Ensure that this exposes the internal surface of the silicone samples. Place the silicone samples on a microscope slide for imaging. Ensure that the freshly cut side of the polymer makes full contact with the glass slide.
Press the silicone portion down lightly to ensure a smooth contact with the microscope slide before completing the lifetime fluorescence measurements, as described in the text protocol. Then place the sample on the stage of the microscope. To complete lifetime fluorescence measurements, directly couple the laser output to an acousto-optic tunable filter system to generate the 488 nanometer laser line.

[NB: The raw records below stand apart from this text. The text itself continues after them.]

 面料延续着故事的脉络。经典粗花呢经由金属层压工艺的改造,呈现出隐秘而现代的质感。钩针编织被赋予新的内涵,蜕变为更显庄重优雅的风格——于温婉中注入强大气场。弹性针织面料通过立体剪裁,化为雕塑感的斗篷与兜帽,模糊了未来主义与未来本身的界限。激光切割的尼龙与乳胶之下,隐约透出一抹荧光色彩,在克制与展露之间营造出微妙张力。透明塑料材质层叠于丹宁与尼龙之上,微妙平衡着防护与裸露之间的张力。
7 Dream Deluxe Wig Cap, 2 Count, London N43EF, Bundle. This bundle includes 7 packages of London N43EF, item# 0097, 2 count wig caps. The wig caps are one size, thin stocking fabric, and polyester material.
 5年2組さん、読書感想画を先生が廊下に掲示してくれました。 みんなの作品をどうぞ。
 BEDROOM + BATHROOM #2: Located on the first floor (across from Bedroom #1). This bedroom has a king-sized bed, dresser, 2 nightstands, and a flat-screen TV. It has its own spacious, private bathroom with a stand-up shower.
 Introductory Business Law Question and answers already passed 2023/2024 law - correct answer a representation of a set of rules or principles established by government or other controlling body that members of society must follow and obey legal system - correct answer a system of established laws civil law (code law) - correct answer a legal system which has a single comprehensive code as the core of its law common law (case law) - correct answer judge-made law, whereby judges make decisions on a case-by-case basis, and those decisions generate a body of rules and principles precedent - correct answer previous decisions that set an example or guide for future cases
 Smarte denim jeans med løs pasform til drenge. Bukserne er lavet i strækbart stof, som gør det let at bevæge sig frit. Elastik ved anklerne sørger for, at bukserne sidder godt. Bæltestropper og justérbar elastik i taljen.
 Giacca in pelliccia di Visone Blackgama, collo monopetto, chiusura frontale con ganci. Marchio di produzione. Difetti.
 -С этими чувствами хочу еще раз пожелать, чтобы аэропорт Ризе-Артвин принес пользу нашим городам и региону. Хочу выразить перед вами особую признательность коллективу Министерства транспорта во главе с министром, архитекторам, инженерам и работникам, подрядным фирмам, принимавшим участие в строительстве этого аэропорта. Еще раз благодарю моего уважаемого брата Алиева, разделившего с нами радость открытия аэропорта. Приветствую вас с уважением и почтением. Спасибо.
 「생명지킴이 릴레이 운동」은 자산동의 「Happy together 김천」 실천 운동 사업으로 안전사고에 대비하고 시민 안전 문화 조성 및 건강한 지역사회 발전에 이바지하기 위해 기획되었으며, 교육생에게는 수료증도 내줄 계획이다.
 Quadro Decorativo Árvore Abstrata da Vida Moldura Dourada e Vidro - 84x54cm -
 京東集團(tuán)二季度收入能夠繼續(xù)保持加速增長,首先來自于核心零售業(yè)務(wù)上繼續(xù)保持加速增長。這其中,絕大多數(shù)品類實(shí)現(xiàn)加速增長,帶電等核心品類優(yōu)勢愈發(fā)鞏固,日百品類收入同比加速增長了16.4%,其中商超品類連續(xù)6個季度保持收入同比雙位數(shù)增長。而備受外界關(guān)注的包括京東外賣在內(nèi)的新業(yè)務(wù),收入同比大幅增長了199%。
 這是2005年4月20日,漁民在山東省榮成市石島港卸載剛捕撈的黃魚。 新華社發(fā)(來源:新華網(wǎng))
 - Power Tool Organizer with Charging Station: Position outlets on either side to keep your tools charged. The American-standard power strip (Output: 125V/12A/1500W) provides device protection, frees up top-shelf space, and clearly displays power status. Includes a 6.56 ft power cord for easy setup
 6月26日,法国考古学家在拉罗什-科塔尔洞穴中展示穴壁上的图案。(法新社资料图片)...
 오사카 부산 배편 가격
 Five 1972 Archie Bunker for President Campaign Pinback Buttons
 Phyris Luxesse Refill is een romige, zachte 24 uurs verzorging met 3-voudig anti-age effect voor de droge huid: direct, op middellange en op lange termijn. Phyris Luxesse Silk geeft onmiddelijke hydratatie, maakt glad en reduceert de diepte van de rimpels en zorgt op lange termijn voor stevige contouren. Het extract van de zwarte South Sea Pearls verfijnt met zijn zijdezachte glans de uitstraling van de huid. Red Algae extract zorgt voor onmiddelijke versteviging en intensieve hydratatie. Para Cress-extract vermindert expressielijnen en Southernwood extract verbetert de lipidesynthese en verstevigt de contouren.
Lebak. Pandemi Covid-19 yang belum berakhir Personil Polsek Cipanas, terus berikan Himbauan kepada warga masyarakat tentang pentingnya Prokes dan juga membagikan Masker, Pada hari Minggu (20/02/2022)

Focus the laser beam using a custom-built laser scanning unit which is reflected by a dichroic mirror into the back aperture of a 10X objective and then onto the sample. Refer to the text protocol for instructions on performing measurements and processing data. Chilled quantum dots are characterized using photoluminescence spectroscopy to measure emission, excitation spectra, and the overall quantum yield.
The swell-encapsulated quantum dots are highly photoluminescent, therefore brightness is indicative of successful swell encapsulation. Cross sections of the polymer can be mounted in the fluorescence microscope to measure the degree of swell encapsulation. Once mastered, this technique can be done in around 15 minutes with swell encapsulated samples, if it's performed properly.
While attempting the procedure, it is important to remember that the blade used for cutting the polymer samples is uncontaminated and relatively sharp, as inconsistencies at this stage may introduce artifacts in the fluorescence images. Following this procedure, other methods like energy dispersive X-ray spectroscopy in addition to functional testing, can be performed to further gauge encapsulation amount or surface concentration. After its development, this technique paved the way for researchers in the field of material science to explore nanoparticle composite design using a range of host matrices.
Don't forget that working with cadmium selenide can be extremely hazardous, and precautions, such as wearing suitable personal protective equipment and working in a fume cupboard, should always be taken while performing this procedure.